Rumah tersebut dinilai aman karena jabatan Laksamana Maeda sebagai penghubung angkatan darat dan angkatan laut. Setelah tiba di rumah Laksamana Maeda, Soekarno, Hatta, beserta Achmad Soebardjo, Sukarni dan Sayuti Melik pindah ke ruang tamu kecil. Sementara Laksamana Maeda pamit ke lantai dua rumahnya karena tidak ingin mengganggu.
Kemudian, Soekarno, Hatta dan Achmad Soebardjo berembuk terkait naskah proklamasi. Achmad Soebardjo menyampaikan gagasannya yang intinya untuk membuat naskah penting tidak perlu berkaca pada negara lain.
Sebab, apa yang baik untuk negara lain belum tentu baik juga bagi Indonesia. Hal inilah yang kemudian menjadi pertimbangan saat pembuatan naskah. Selama dua jam merumuskan hasilnya didapatkan sebuah naskah proklamasi yang ditulis langsung oleh Soekarno.

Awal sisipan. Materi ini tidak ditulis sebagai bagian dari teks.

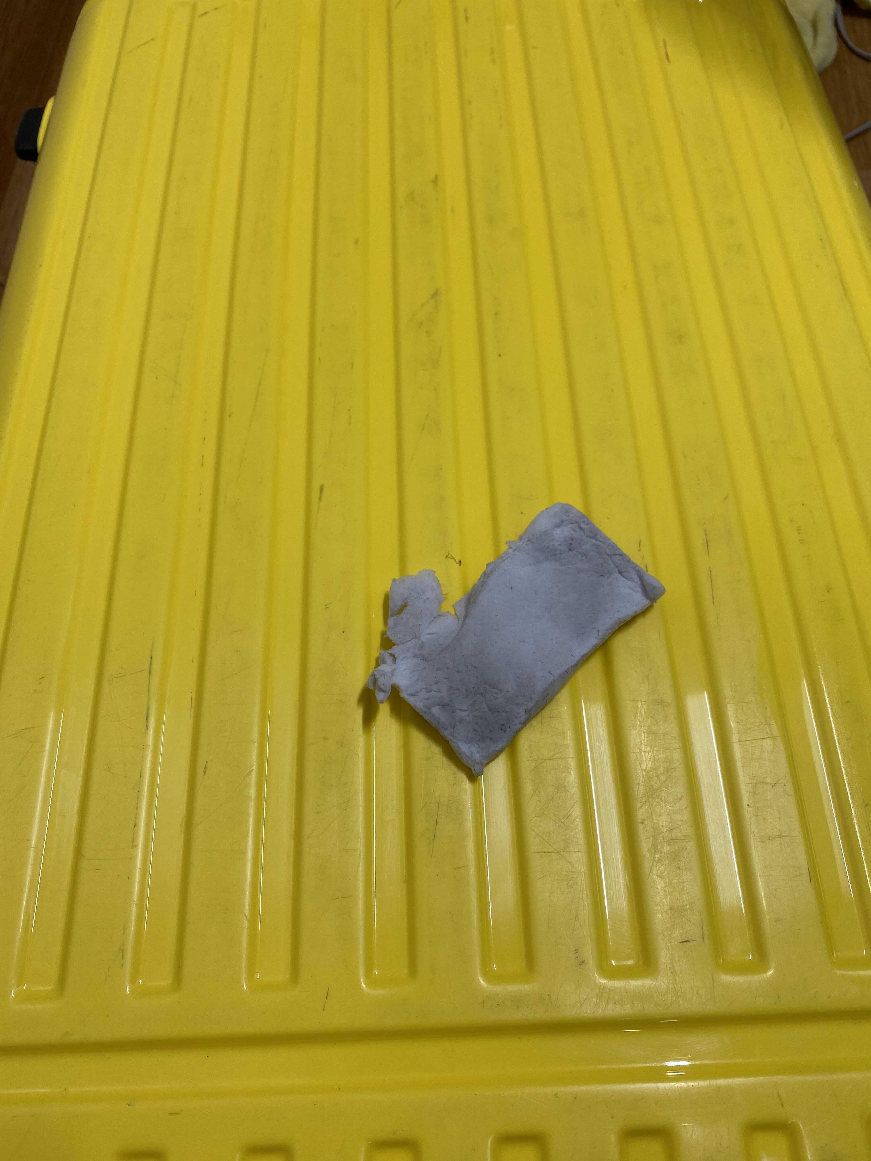 보통은 캐리어에 껌 얼룩과 비슷한 얼룩이 있어서 로션이나 선크림으로 지울 수 있을 거라고 생각해서

Kemudian mereka menemui para pemuda untuk membacakan naskah yang telah rampung. Terdapat beberapa revisi pada teks tersebut. Seperti penandatanganan naskah yang semula akan ditandatangan oleh semua yang hadir menjadi hanya ditandatangani oleh Soekarno dan Hatta.
Nama keduanya menjadi perwakilan bangsa Indonesia pada naskah proklamasi. Setelah disepakati maka naskah tersebut diketik oleh Sayuti Melik.
Setelah teks proklamasi disepakati maka diputuskan bahwa esok hari akan dilaksanakan upacara kemerdekaan sekaligus pembacaan proklamasi di rumah Soekarno yakni di Jalan Pegangsaan Timur No 56. Saat ini rumah tersebut menjadi Gedung Perintis Kemerdekaan Jalan Proklamasi Nomor 1.
Sebelum pulang, Hatta menyampaikan pesan kepada BM Diah untuk menyebarluaskan teks proklamasi. Esok harinya dilakukan persiapan menjelang kemerdekaan. Soekarno dan Hatta didaulat untuk membacakan teks proklamasi.
Selain itu, Soekarno juga menyampaikan pidato kemerdekaan yang menyerukan untuk terus berjuang dari belenggu penjajahan. Hari itu, kemerdekaan disambut dengan penuh suka cita. Untuk mengabadikan peristiwa penting, ada perwakilan dari kantor berita Domei yang sudah menunggu sejak pagi.
Kantor berita Domei mengirimkan utusannya langsung bahkan tak tanggung-tanggung mereka menurunkan kepala fotografi yakni Alex Mandoer. Tak sendirian, Alex mengajak serta adiknya yakni Frans. Sayangnya, foto yang telah didapatkan susah payah, dirampas oleh Jepang. Untung saja, foto di kamera milik frans masih bisa diselamatkan dan menjadi arsip nasional.